И, не задерживаясь больше, Огородников сбежал вниз по ступенькам, быстро прошел к машине.
Проведя долгие годы в местах, где удобства были настолько малы, что вообще вряд ли можно было говорить о каких-то удобствах, Петрович перенес эти условия и в свою жизнь на воле. Он обходился настолько малым, что казалось, и поныне живет в суровом тюремном заточении. Притом, что временами деньги у него бывали хорошие, большие деньги в полном смысле этого слова. Единственное, что он купил, это полузаброшенную дачку на окраине и двухкомнатную квартиру в городе. И то и другое, естественно, на чужие имена, так как сам он, Осадчий Михаил Петрович, нигде, ни в каких коммунальных, домовых и прочих книгах светиться не желал.
В квартире у него не было ничего, кроме самого необходимого — железная кровать, которую он подобрал возле мусорных ящиков, матрац, правда, купил, к нему подушку и несколько комплектов белья.
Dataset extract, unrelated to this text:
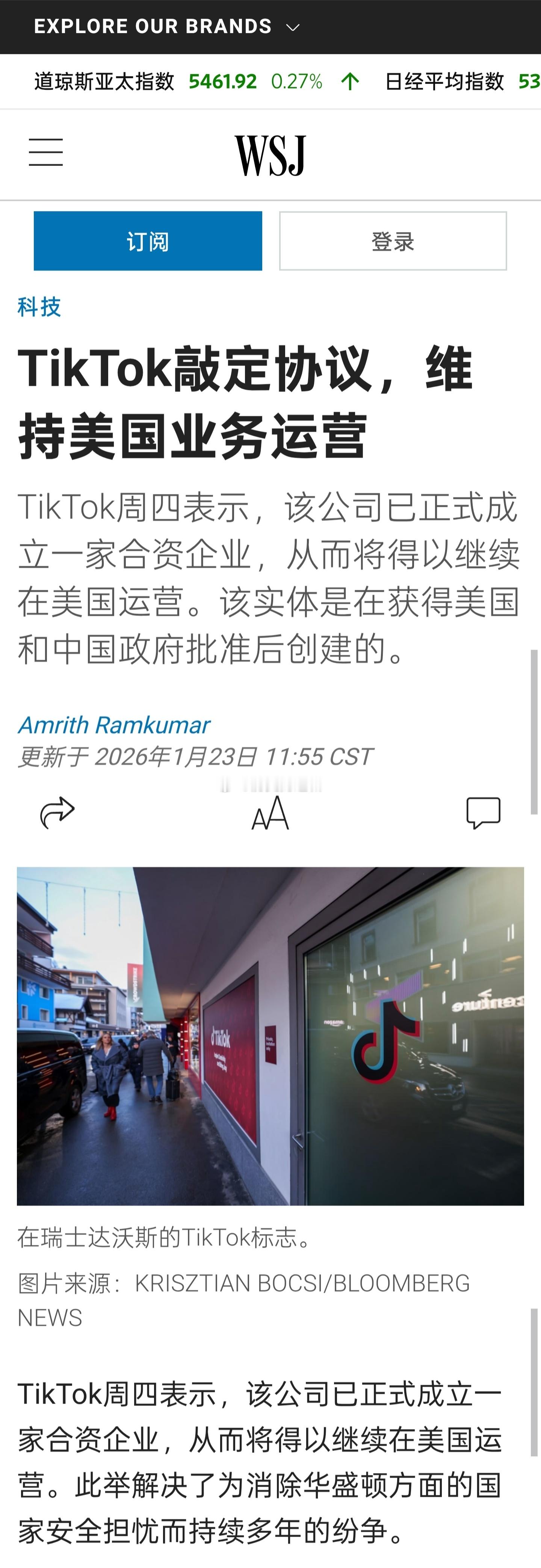 TikTok周四表示,该公司已正式成立一家合资企业,从而将得以继续在美国运营。此举解决了为消除华盛顿方面的国家安全担忧而持续多年的纷争。海外新鲜事

На кухне — стол и четыре табуретки. Был еще шкаф, гулкий от пустоты шкаф, в котором висели пиджак и черное затертое пальто.
Да, в комнате стоял низенький столик и два затертых кресла — для бесед длительных и душевных. И, конечно, телевизор, хороший телевизор, японский.
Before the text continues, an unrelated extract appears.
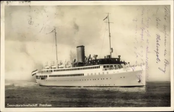 Ak Seemotorschnellschiff Preußen, Stettiner Dampfschiffs-Gesellschaft J. F. Braeunlich

Не мог и не хотел Петрович привыкать к городским удобствам, ко всевозможным одежкам, занавескам, шторам, к посуде и кухонным наборам, которые уму пустому и никчемному говорили о достатке и достоинстве.
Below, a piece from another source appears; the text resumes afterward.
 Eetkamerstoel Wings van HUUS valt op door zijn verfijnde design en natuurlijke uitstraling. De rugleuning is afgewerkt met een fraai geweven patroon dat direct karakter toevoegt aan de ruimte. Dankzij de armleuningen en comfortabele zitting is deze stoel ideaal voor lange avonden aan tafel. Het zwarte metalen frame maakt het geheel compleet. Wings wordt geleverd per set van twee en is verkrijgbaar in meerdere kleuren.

Вот деньги он ценил, тратил их скуповато, не баловал себя ни заморскими напитками, ни заморскими закусками. Купив однажды водку местного завода и убедившись, что водка неплохая, он брал только ее, а на закуску — хлеб, колбасу, помидоры. На балконе стояло ведро с картошкой, накрытое старым мешком.
Вот и все.
Примерно такой же порядок, такая же ограниченность царила и в душе Петровича. Когда банда засветилась, когда умирающего Воблу вытащили из его дачного подвала и теперь всеми силами городской медицины пытались вытащить с того света, он перебрался в свою городскую квартиру. И целыми днями ходил по дому в длинной заношенной пижаме и шлепанцах на босу ногу. Телевизор работал с утра до вечера, но Петрович убирал звук и включал его, когда передавали новости о расследовании преступления, которое он, Петрович, и совершил.